Matthew Hamilton, press secretary for the New York State United Teachers, said the union believes systemic issues within the charter industry need to be addressed before the cap is lifted.
“We’ve been clear that all schools – including corporate charters – should be accountable and transparent in how they spend public tax dollars and should be fairly serving our students,” Hamilton said in a statement. “We’ll work with Gov. Hochul and lawmakers in the upcoming session to ensure our voice is heard when it comes to how charter laws need to be fixed to ensure they’re held to the same transparency and accountability standards that public schools are.”
New York City’s largest teachers union has also long opposed increasing the number of charter schools in the city.
“Hochul and the state Legislature have passed a landmark New York City small class size law and provided the funding to make it happen,” a United Federation of Teachers spokesperson said in a statement to City & State, referencing the recently approved legislation to lower city public school class sizes. “Until all current charter schools demonstrate real transparency in their funding and spending, and until all charters admit and keep a representative sample of city students, it’s too soon to talk about lifting the charter cap.”
The prospect of increasing the cap is not without precedent. The state Legislature raised New York City’s charter school cap by 50 in 2015 and clarified two years later that more than 20 “zombie charters” – charters belonging to closed schools – could reopen without counting toward the city’s cap. But those wins for charter schools occurred when Republicans controlled the state Senate and former Gov. Andrew Cuomo, who was sympathetic to charters throughout his administration, helmed the state. Efforts to amend the cap have largely fizzled since.

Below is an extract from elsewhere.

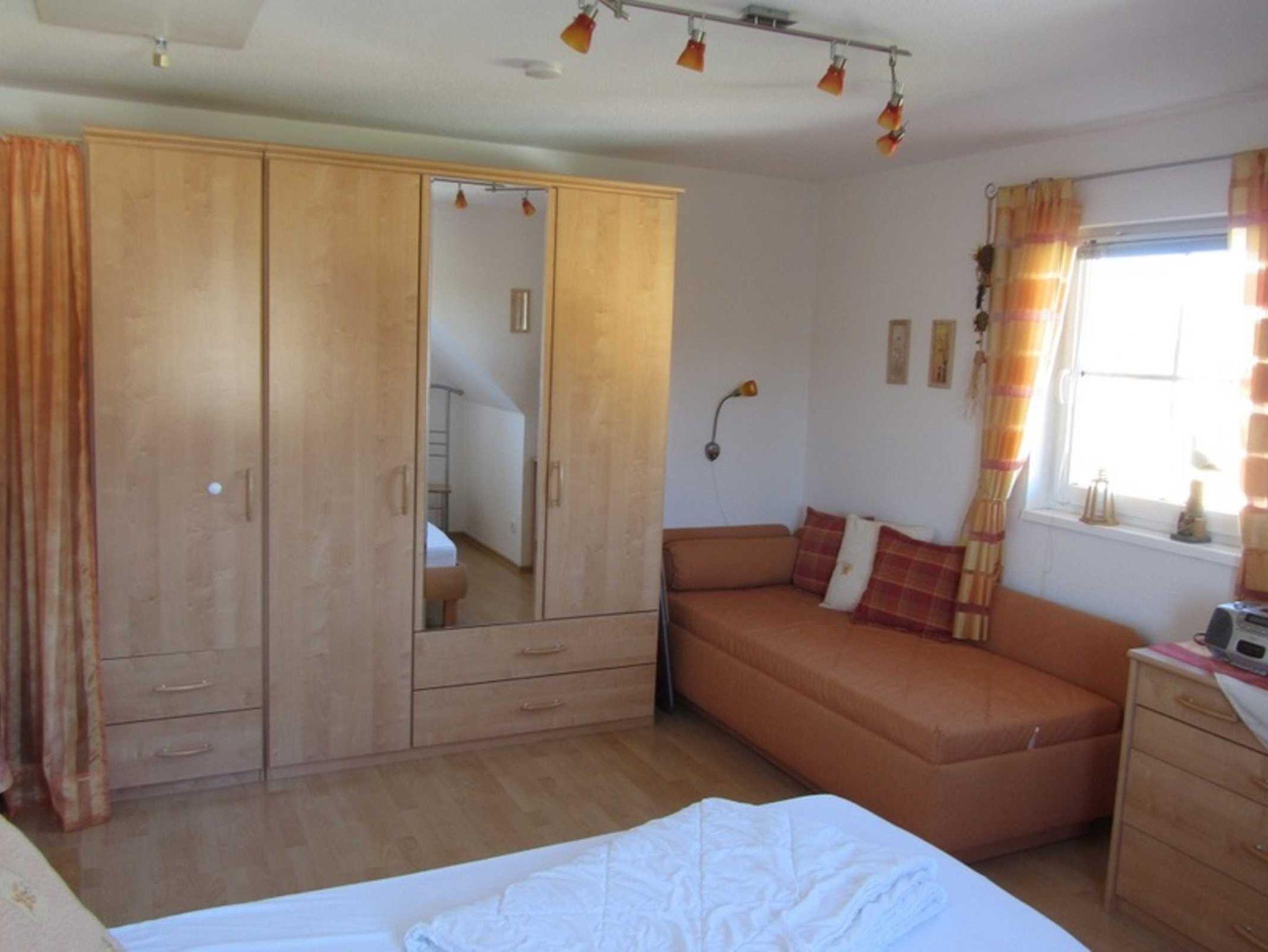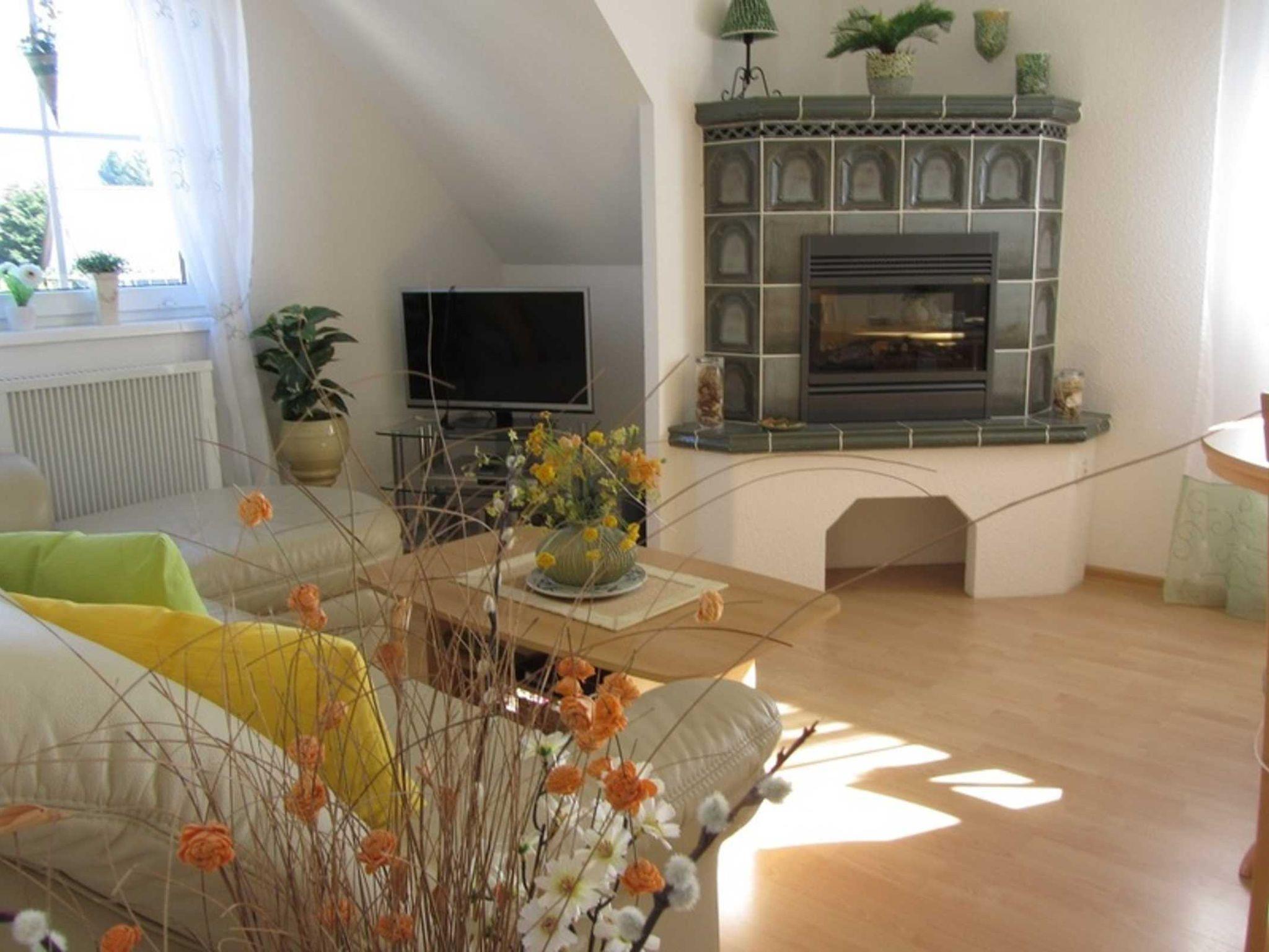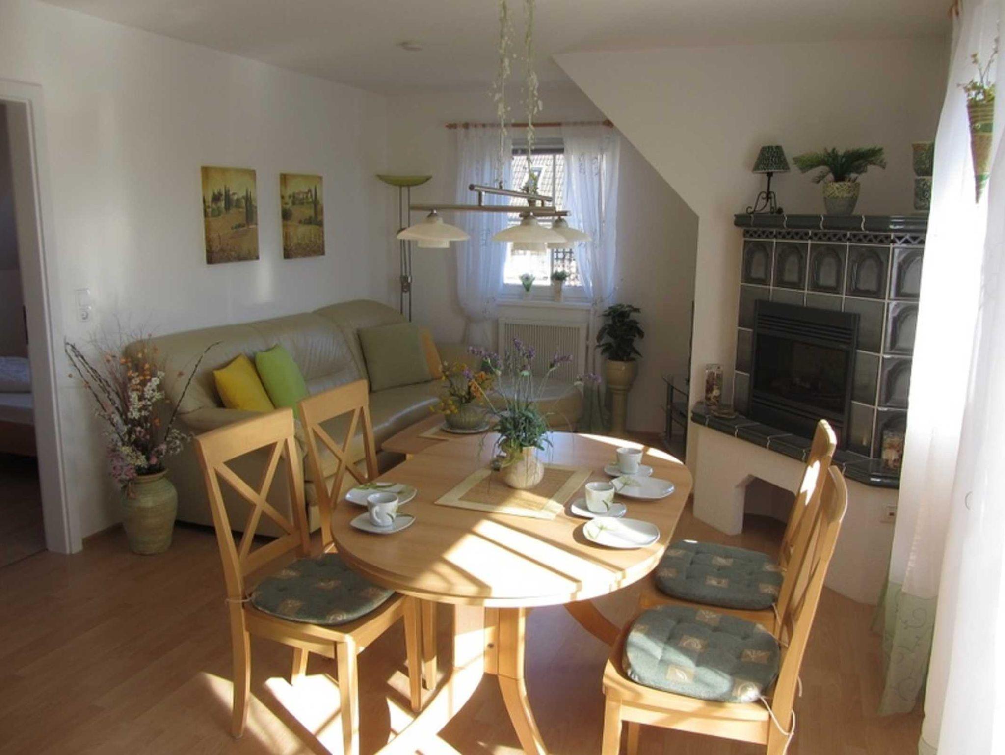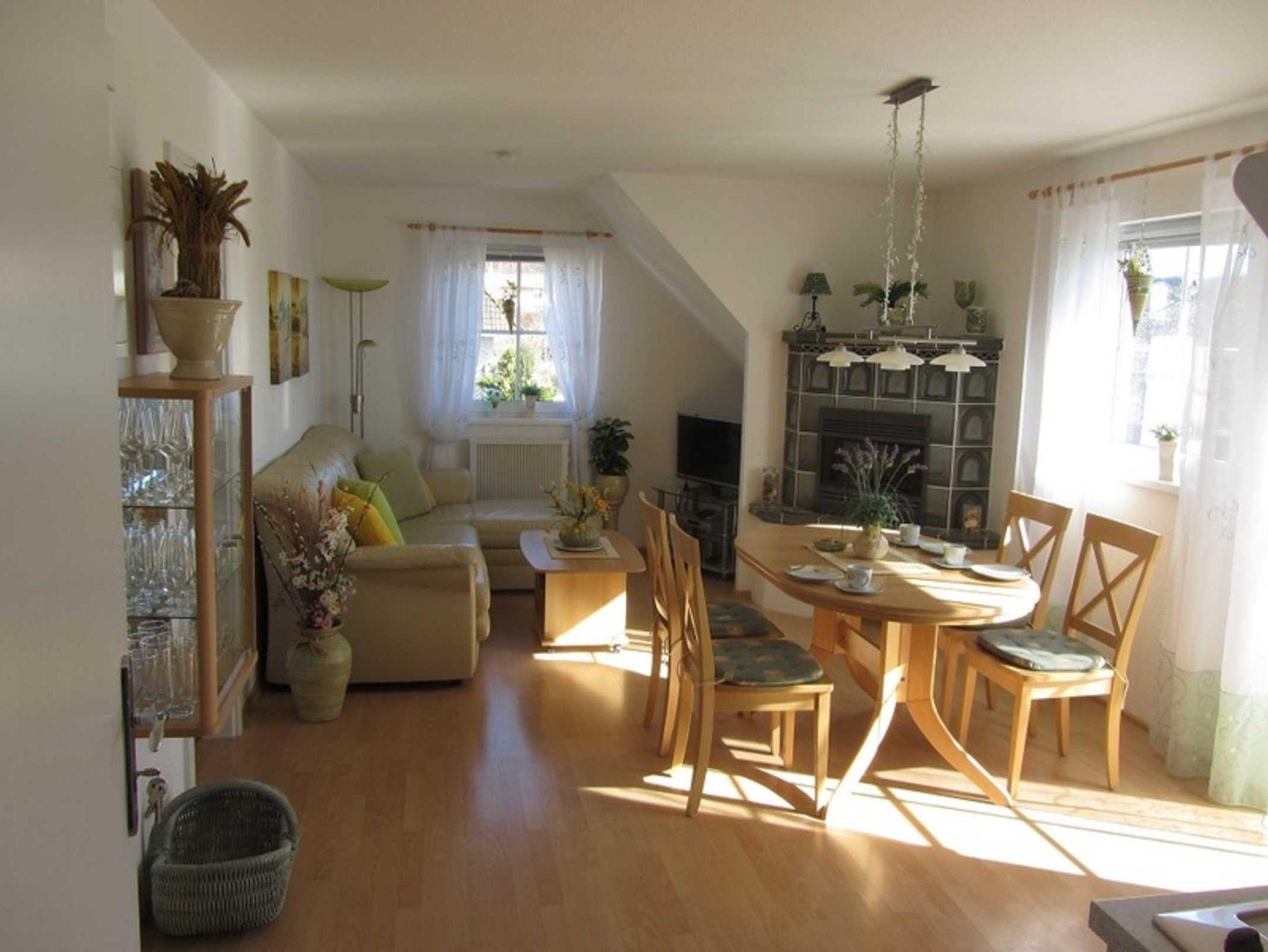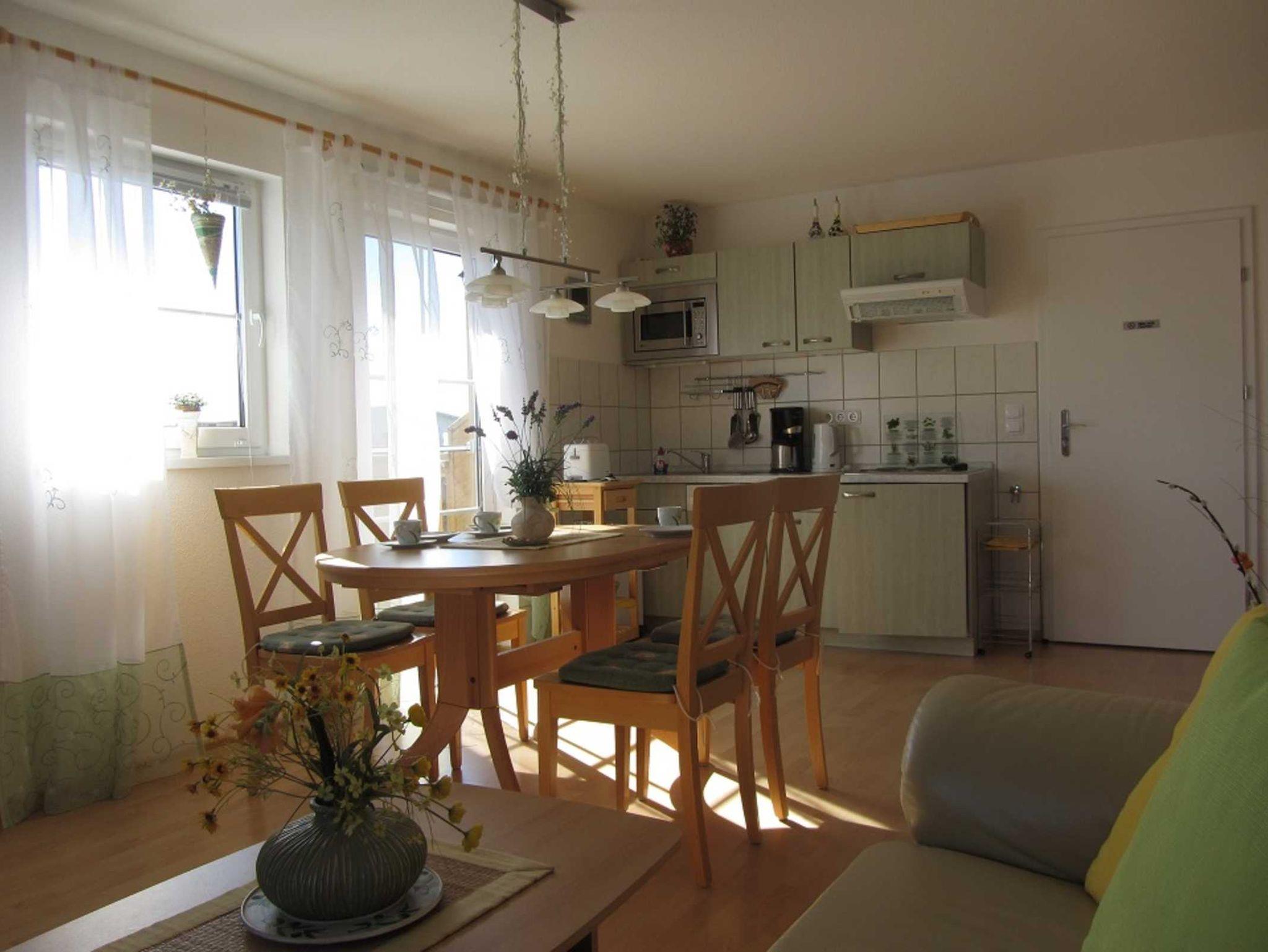 Helle 2-Zimmer Ferienwohnung im Obergeschoss einer liebevoll angelegten Ferienanlage. Die Ferienwohnung ist im Wohnbereich ausgestattet mit einer gemütlichen ausziehbaren Eckcouch und einer offenen Küche mit Essbereich.

In May, Republican state Sen. George Borrello proposed an amendment to legislation aimed at establishing an Office of Racial Equity and Social Justice to lift the charter school cap. That proposal was ultimately blocked by the Democrat-controlled state Senate that voted unanimously against it. “It is disappointing that despite Democrats’ continual rhetoric about prioritizing equity and opportunity, when presented with a chance to truly move the needle on those issues, they declined,” Borello said of the decision at the time. After Hochul said she was in favor of lifting the cap, Borello reaffirmed his commitment to move the bill forward in a statement to City & State.
But the governor’s words haven’t received a warm welcome among all state Republicans – not necessarily even those who supported Borello’s proposal. Senate Republican Leader Robert Ortt accused the governor of trying to “score political points” days ahead of the gubernatorial election.
In June, Democratic state Sen. John Liu, chair of the New York City Education Committee, introduced legislation to provide final approval authority for approving all new charter schools to the Board of Regents. Several critics viewed this as a direct attack on the State University of New York’s authority to approve charter schools, which has been a major authorizer for years. After Hochul expressed her support for lifting the cap on charter schools, Liu said it may not be the right time to expand charter schools – even amid increasing enrollment.
“Perhaps the governor has new information to support her statement, but reaching the cap is not reason enough to change the charter threshold,” Liu wrote in a statement to City & State.
As a former New York City public school teacher and United Federation of Teachers member, Democratic Sen. Jabari Brisport also strongly opposed the governor’s position in a statement to City & State.
“New York is the wrong place to try selling destructive Republican strategies like charter schools. Whoever wins this election, we’re going to fight any attempt to prop up billionaires and corporations on the backs of children and teachers,” Brisport wrote.